Problem requirements
An exact copy of every entry is needed, with no images.

(Stored dataset items)
*** Block opens ***
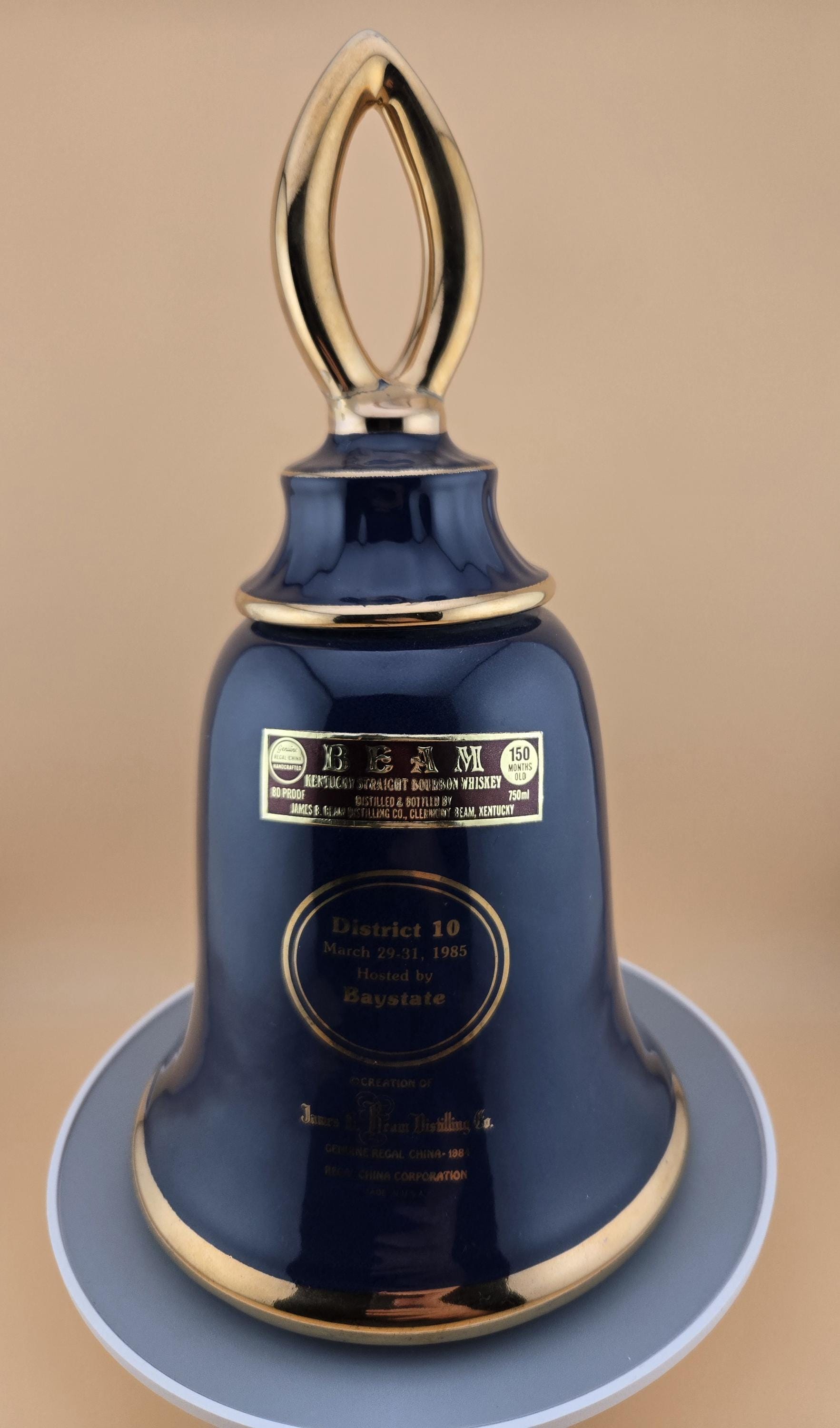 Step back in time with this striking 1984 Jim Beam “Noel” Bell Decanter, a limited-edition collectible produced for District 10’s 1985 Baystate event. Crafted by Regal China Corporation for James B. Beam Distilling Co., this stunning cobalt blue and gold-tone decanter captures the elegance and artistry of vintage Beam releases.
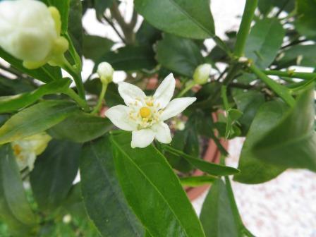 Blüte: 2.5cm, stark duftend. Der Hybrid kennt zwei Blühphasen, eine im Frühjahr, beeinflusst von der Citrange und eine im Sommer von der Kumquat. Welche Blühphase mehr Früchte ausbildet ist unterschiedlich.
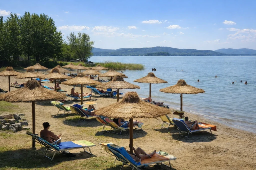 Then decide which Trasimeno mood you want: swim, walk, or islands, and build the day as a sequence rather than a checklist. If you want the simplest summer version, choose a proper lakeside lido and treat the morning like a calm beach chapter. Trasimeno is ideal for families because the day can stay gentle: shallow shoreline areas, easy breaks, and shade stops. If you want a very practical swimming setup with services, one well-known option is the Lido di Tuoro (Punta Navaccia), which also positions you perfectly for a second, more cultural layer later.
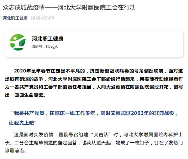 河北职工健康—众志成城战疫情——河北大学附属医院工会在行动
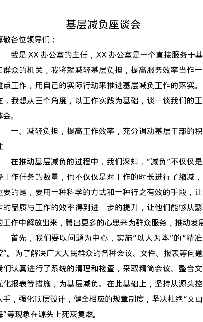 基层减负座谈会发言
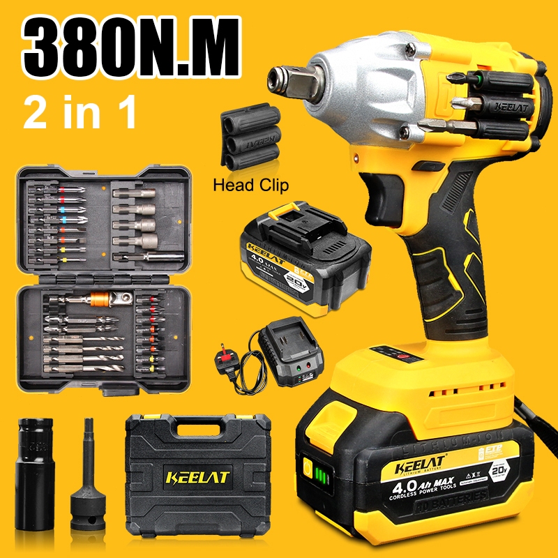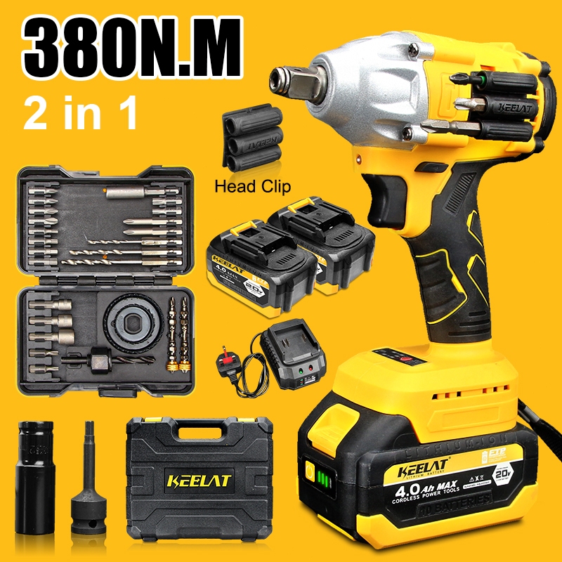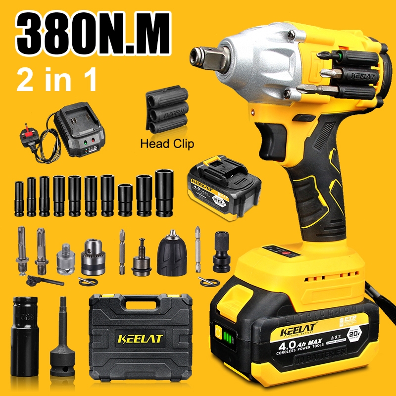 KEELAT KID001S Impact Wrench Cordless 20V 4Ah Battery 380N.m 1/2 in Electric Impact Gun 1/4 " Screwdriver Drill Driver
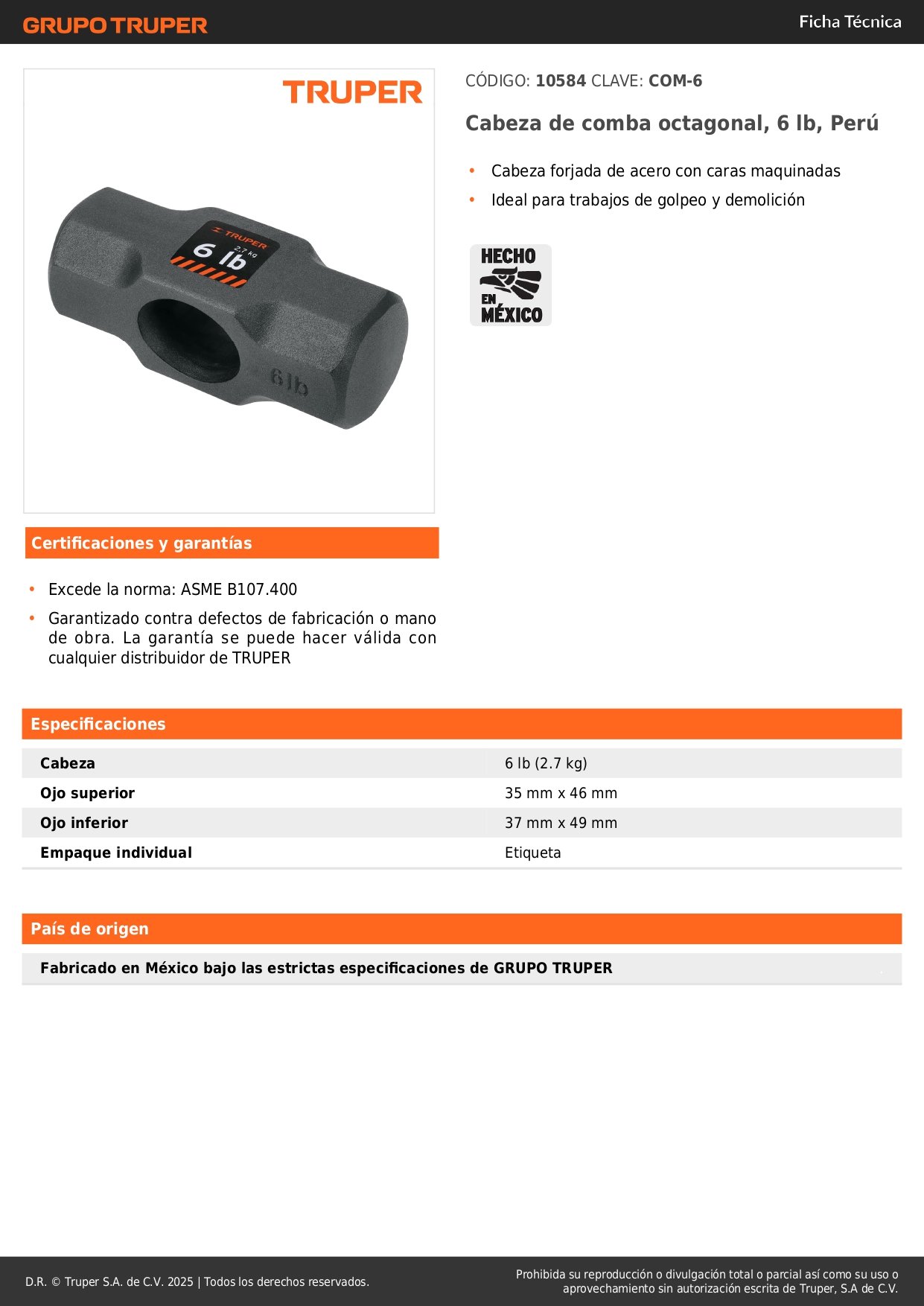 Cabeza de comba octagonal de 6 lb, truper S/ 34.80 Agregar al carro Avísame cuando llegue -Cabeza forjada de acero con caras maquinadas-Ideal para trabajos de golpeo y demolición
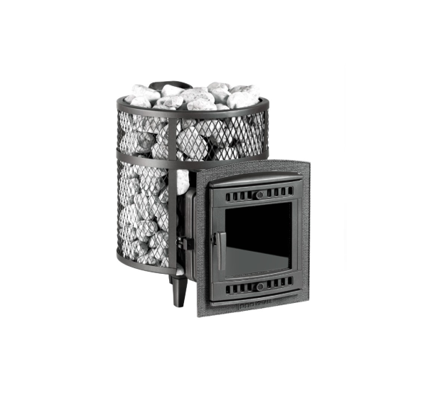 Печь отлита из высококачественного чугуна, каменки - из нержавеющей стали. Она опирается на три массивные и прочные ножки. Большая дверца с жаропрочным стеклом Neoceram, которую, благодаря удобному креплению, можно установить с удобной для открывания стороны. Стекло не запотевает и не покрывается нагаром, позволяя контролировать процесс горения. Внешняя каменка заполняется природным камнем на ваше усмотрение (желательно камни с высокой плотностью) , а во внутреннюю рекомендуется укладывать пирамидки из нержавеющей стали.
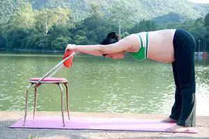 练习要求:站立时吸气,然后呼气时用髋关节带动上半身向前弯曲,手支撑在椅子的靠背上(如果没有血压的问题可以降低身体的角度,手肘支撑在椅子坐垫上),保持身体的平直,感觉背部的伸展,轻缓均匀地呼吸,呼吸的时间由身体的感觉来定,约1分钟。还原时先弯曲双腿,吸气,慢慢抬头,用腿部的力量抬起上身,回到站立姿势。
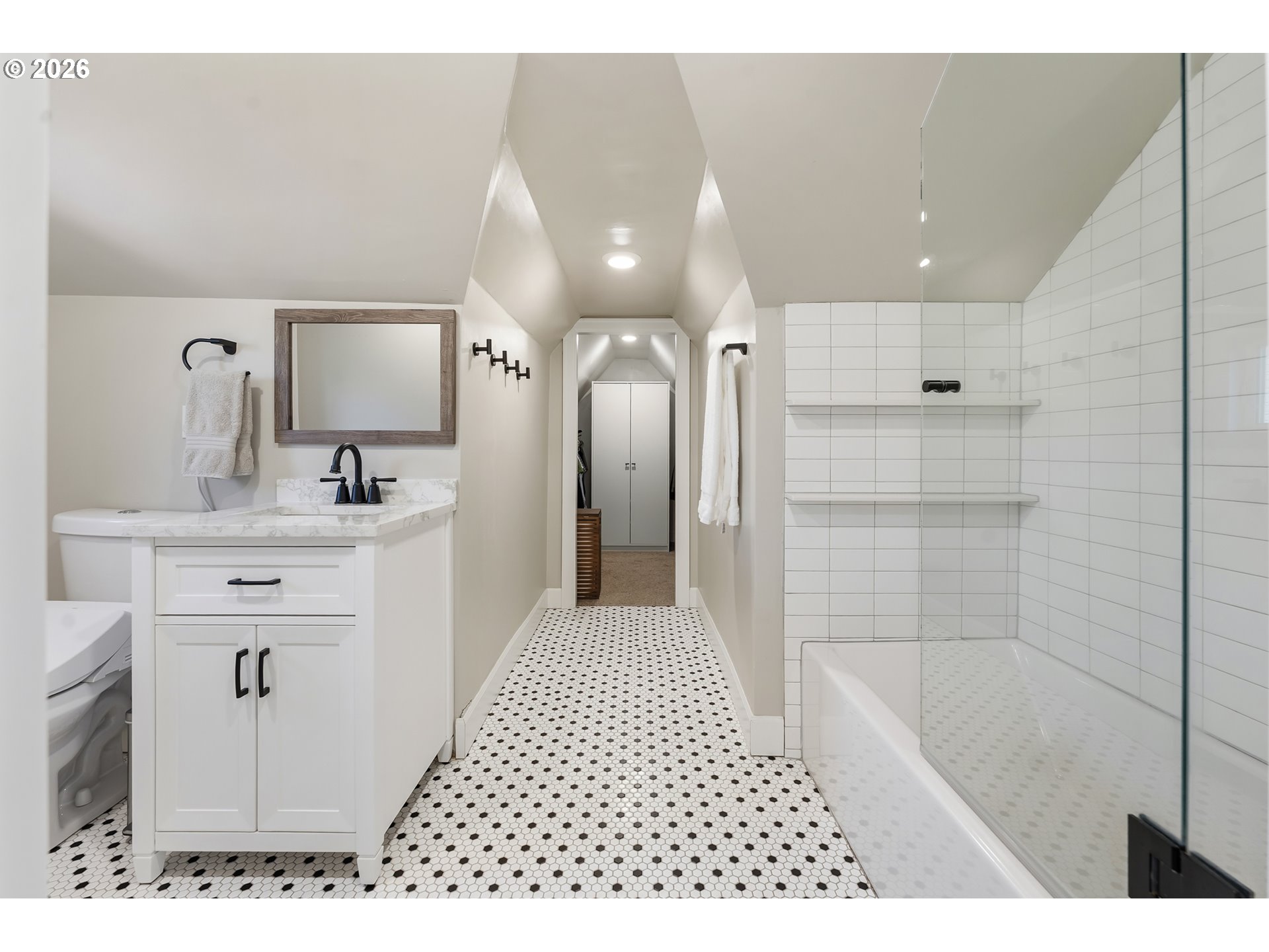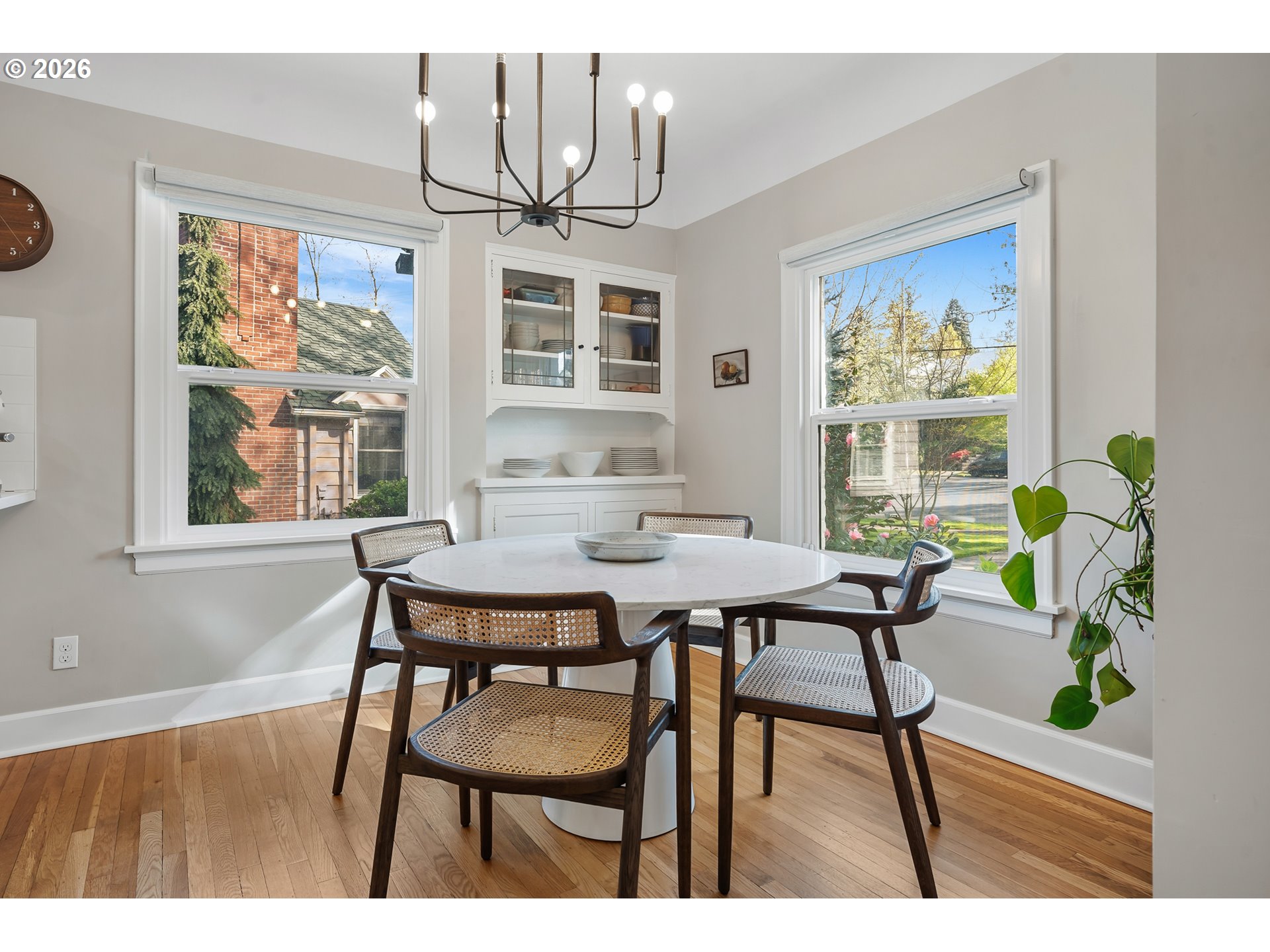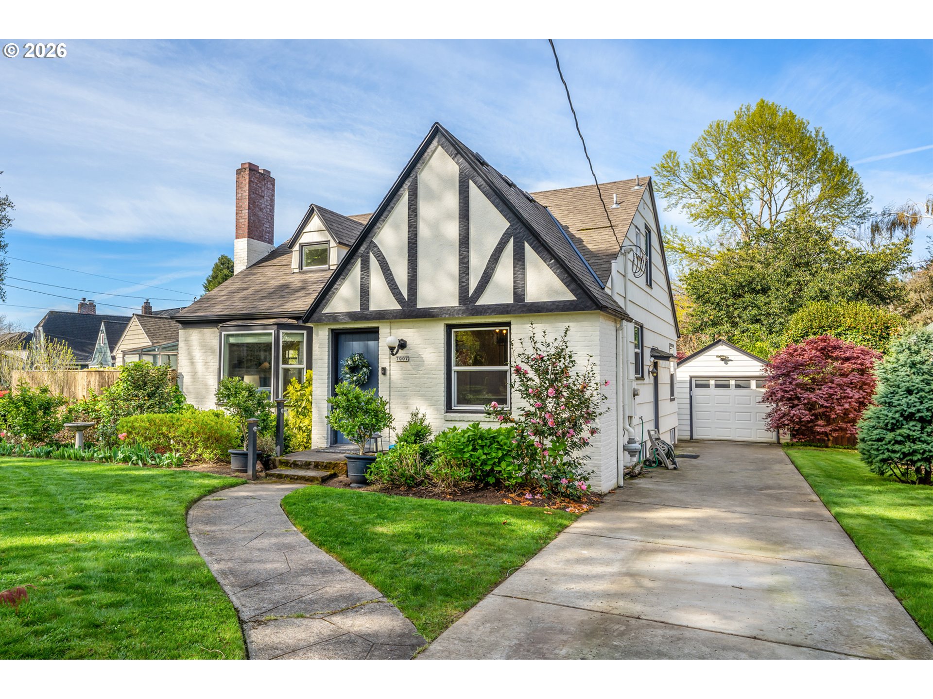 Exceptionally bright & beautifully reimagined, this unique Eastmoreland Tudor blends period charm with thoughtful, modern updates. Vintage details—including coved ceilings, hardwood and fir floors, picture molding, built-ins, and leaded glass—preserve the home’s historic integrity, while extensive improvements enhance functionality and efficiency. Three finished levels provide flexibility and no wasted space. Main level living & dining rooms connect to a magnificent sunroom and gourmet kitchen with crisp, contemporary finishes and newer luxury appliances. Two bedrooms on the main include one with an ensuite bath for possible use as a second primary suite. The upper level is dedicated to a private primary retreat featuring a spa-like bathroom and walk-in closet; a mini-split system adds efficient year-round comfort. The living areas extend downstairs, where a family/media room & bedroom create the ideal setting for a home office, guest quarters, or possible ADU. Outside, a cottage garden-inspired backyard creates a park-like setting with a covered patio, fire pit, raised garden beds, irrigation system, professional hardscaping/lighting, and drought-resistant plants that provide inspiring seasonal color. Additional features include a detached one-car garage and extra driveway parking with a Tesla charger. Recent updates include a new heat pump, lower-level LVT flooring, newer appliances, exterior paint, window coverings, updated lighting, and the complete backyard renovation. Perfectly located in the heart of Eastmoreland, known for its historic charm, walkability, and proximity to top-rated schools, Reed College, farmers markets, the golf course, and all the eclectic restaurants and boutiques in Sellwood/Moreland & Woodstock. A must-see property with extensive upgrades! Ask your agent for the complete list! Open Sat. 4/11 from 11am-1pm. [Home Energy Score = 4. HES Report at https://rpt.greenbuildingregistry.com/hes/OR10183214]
*** Block closes ***
Task output
 Step back in time with this striking 1984 Jim Beam “Noel” Bell Decanter, a limited-edition collectible produced for District 10’s 1985 Baystate event. Crafted by Regal China Corporation for James B. Beam Distilling Co., this stunning cobalt blue and gold-tone decanter captures the elegance and artistry of vintage Beam releases.
 Blüte: 2.5cm, stark duftend. Der Hybrid kennt zwei Blühphasen, eine im Frühjahr, beeinflusst von der Citrange und eine im Sommer von der Kumquat. Welche Blühphase mehr Früchte ausbildet ist unterschiedlich.
 Then decide which Trasimeno mood you want: swim, walk, or islands, and build the day as a sequence rather than a checklist. If you want the simplest summer version, choose a proper lakeside lido and treat the morning like a calm beach chapter. Trasimeno is ideal for families because the day can stay gentle: shallow shoreline areas, easy breaks, and shade stops. If you want a very practical swimming setup with services, one well-known option is the Lido di Tuoro (Punta Navaccia), which also positions you perfectly for a second, more cultural layer later.
 河北职工健康—众志成城战疫情——河北大学附属医院工会在行动
 基层减负座谈会发言
 KEELAT KID001S Impact Wrench Cordless 20V 4Ah Battery 380N.m 1/2 in Electric Impact Gun 1/4 " Screwdriver Drill Driver
 Cabeza de comba octagonal de 6 lb, truper S/ 34.80 Agregar al carro Avísame cuando llegue -Cabeza forjada de acero con caras maquinadas-Ideal para trabajos de golpeo y demolición
 Печь отлита из высококачественного чугуна, каменки - из нержавеющей стали. Она опирается на три массивные и прочные ножки. Большая дверца с жаропрочным стеклом Neoceram, которую, благодаря удобному креплению, можно установить с удобной для открывания стороны. Стекло не запотевает и не покрывается нагаром, позволяя контролировать процесс горения. Внешняя каменка заполняется природным камнем на ваше усмотрение (желательно камни с высокой плотностью) , а во внутреннюю рекомендуется укладывать пирамидки из нержавеющей стали.
 练习要求:站立时吸气,然后呼气时用髋关节带动上半身向前弯曲,手支撑在椅子的靠背上(如果没有血压的问题可以降低身体的角度,手肘支撑在椅子坐垫上),保持身体的平直,感觉背部的伸展,轻缓均匀地呼吸,呼吸的时间由身体的感觉来定,约1分钟。还原时先弯曲双腿,吸气,慢慢抬头,用腿部的力量抬起上身,回到站立姿势。
 Exceptionally bright & beautifully reimagined, this unique Eastmoreland Tudor blends period charm with thoughtful, modern updates. Vintage details—including coved ceilings, hardwood and fir floors, picture molding, built-ins, and leaded glass—preserve the home’s historic integrity, while extensive improvements enhance functionality and efficiency. Three finished levels provide flexibility and no wasted space. Main level living & dining rooms connect to a magnificent sunroom and gourmet kitchen with crisp, contemporary finishes and newer luxury appliances. Two bedrooms on the main include one with an ensuite bath for possible use as a second primary suite. The upper level is dedicated to a private primary retreat featuring a spa-like bathroom and walk-in closet; a mini-split system adds efficient year-round comfort. The living areas extend downstairs, where a family/media room & bedroom create the ideal setting for a home office, guest quarters, or possible ADU. Outside, a cottage garden-inspired backyard creates a park-like setting with a covered patio, fire pit, raised garden beds, irrigation system, professional hardscaping/lighting, and drought-resistant plants that provide inspiring seasonal color. Additional features include a detached one-car garage and extra driveway parking with a Tesla charger. Recent updates include a new heat pump, lower-level LVT flooring, newer appliances, exterior paint, window coverings, updated lighting, and the complete backyard renovation. Perfectly located in the heart of Eastmoreland, known for its historic charm, walkability, and proximity to top-rated schools, Reed College, farmers markets, the golf course, and all the eclectic restaurants and boutiques in Sellwood/Moreland & Woodstock. A must-see property with extensive upgrades! Ask your agent for the complete list! Open Sat. 4/11 from 11am-1pm. [Home Energy Score = 4. HES Report at https://rpt.greenbuildingregistry.com/hes/OR10183214]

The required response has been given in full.